Kenrick Brathwaite, managing director of the BISX-listed institution, told Tribune Business that the policy was imposed “a few months ago” to make it very expensive for such borrowers to remortgage with a rival bank. as soon as the property in question has been completed.

He argued that such a decision was unfair to the original lender, who assumes the higher risk associated with financing new construction only to have its facility paid off sooner, while the borrower generally benefits from a lower interest rate. interest lower and higher after the mortgage. The bank taking over the loan also benefits from the lower risk associated with a completed property that has now appreciated in value.

“We have measures in place to try to stop the erosion of the portfolio and to try to get some growth over the next financial year, Mr Brathwaite told this newspaper, after the gross residential mortgage portfolio of the Bank of The Bahamas has declined. by 7% or more than $14 million in the year to the end of June 2022. “These are the easiest to try and fix.

The portfolio grew from $201.974 million at the end of June 2021 to $187.679 million some 12 months later. The post-COVID spike in building materials and construction costs has seen many commercial banks move away from issuing fixed-price mortgages for new builds, particularly as it is impossible to accurately determine the amount required.

Mr Brathwaite added that this reluctance has been compounded by the growing tendency for construction mortgage borrowers to instantly seek to refinance such loans with a rival financial institution immediately after completion in a bid to obtain more favorable terms and reduce debt service charges.
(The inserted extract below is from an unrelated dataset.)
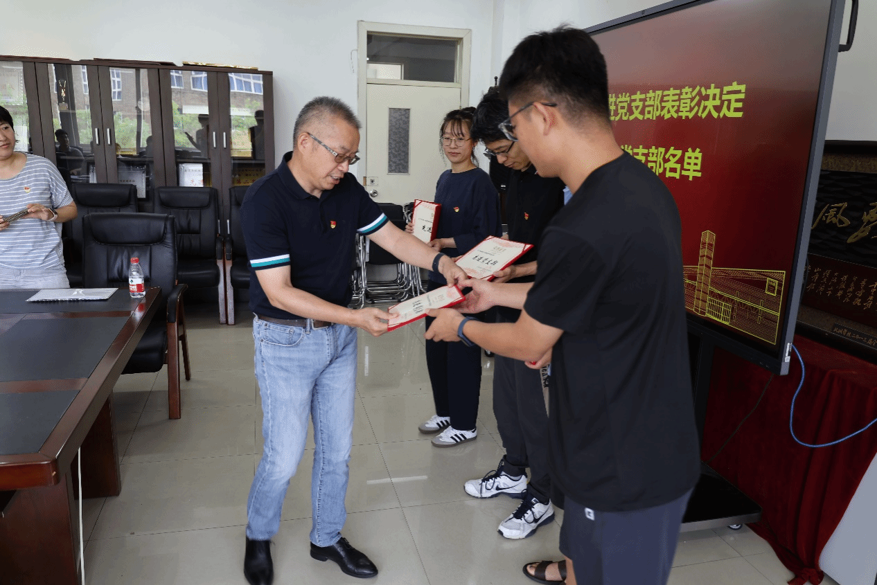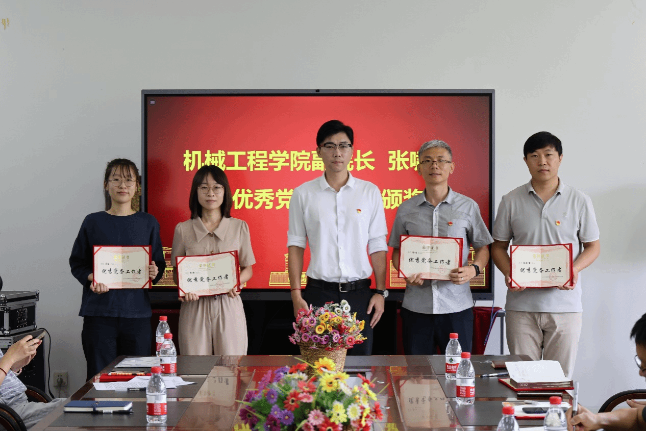 田野分别宣读机械工程学院《2022年度民主评议优秀党员表彰决定与优秀党员名单》、《先进党支部表彰决定与先进党支部名单》、《优秀党务工作者表彰决定与优秀党务工作者名单》、《优秀共产党员表彰决定与名单》,并由与会领导分别给获奖师生和集体颁发获奖证书。

Some may view the imposition of penalties to deter such behavior as anti-consumer and a restriction of trade/competition, but commercial banks view construction mortgages as long-term lending assets that must be come with deposit liabilities to ensure they generate returns and remain solvent. Borrowers treating these loans as short-term bridge loans do not meet this requirement.

“I think the mortgage market has its own challenges. Some banks do not even grant a mortgage on the construction. If you want a construction mortgage, you will find that many banks have heavy prepayment clauses,” Mr Brathwaite told Tribune Business.

“Some people go to a bank and say another said no to a construction mortgage. They come to the Bank of The Bahamas, for example, get a construction mortgage, and when the building is mostly finished, go to the previous bank to pay it back.

“To control that, we have to impose heavy prepayment penalties so that if they try to move it, it will cost them a lot of money plus legal fees. The mortgage construction phase is a high-risk phase. You you have the ability to increase charges, you have the ability to increase import common costs, you have labor shortage issues, and you have bad weather issues,” he added. .

“That’s why construction mortgages are extremely high risk and therefore carry a higher rate. But, if you can pay off the mortgage, you can lower that rate by 50 basis points and you’ll be fine. Mr Brathwaite said that in addition to reducing their risk, borrowers who refinance construction mortgages early also gain a greater “equity position” in a finished property that is now “better worth” than at the start of the work.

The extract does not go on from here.